В следующий раз Берн ничего не слышал — ничего, выходящего за рамки нормальности, — потому что писк пришёл не извне, он шёл изнутри, и спровоцировала это Софи. Она сорвалась на Берна, когда мать послала их к главному торговцу Изумрудного Озера — жирдяю по имени Горн, его фамилии Берн не знал. Мать попросила отнести ему свежие овощи с огорода. Софи очень устала за последние дни и постоянно ругалась на всех, кто попадался ей под руку. Но в тот раз это произошло вообще без какой-либо причины — перед домом жирдяя Горна она вспылила и умчалась вперёд.
Берн догнал Софи, когда она уже заходила в дом Горна и протягивала мешок с овощами купеческой служанке. Берн собирался развернуться и уйти — он уже планировал, как проучить сестру, — но едва не упал обратно, наткнувшись на взгляд карих, почти чёрных глаз.
В полоске солнечного света золотом мельтешила пыль, где-то неподалёку капала вода, а перед Берном, занеся ногу для нового шага, застыла незнакомка, которая была его сестрой. Смуглая кожа, тёмные волосы, стройная фигура — этого голема слепили по образу и подобию Софи, но сама Софи, почему-то подумал Берн, умерла. Эта мысль ошарашила его и ужаснула, и он её поспешно отогнал. Берн был суеверным и боялся накликать беду такими отвратительными мыслями.
Софи в своей стремительной манере развернулась на пятках и захлопнула дверь, и этот неожиданный бум! вывел Берна из оцепенения. Его разрывало от желания уйти прочь и спрятаться в своей комнате, в своей кровати и очнуться, когда на следующее утро. Но он спокойно подождал служанку Горна и забрал деньги за овощи. Софи переминалась с ноги на ногу в сторонке.

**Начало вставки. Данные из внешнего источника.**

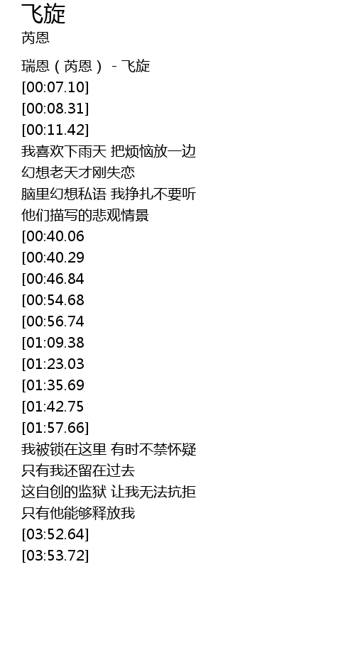 | [00:01.12] | 瑞恩(芮恩) - 飞旋 |

В ней чувствовалась смутная и непонятная угроза, направленная на… дом Горна? И это не было похоже на её привычную, усталую злость — в воздухе повисло немое обещание жестокой расправы. Берн не сдвинулся с места, пока Софи не пошевелилась и не поплелась обратно, в родительский дом. Она двигалась неестественно, и Берн подумал, что из-за тяжёлой работы не обращал внимания на то, как она изменилась — всего-то за неделю или две. Сестра слегка пугала.
«Она уже умерла», — опять прошелестело в голове, и одновременно с этим вернулся писк — противно и тоненько зажужжал под ложечкой, подобрался к горлу и безотчётным страхом засел в сердце. Берн постучал по забору три раза — говорили, что это приносит удачу и оберегает от несчастий.
Софи внезапно обернулась и сказала:
— Будь осторожен, братик, — она выдержала паузу и протянула: — Ты плохо выглядишь. Может быть, тебе стоит уехать в столицу? Заработаешь денег, да, может, найдёшь невесту.
А потом Берн неожиданно для самого себя сбежал. Он весь день прогулял в ближайшем лесочке, саботировав работу в полях, и к вечеру ноги гудели и болели, но Берн был рад усталости, которая оплела его тело щупальцами, понуждая опустить веки. Он с трудом добрался до кровати, упал на подушку и вырубился. Его даже не беспокоило, что родители и староста деревни завтра всыпят ему по первое число. Собственно, так и вышло.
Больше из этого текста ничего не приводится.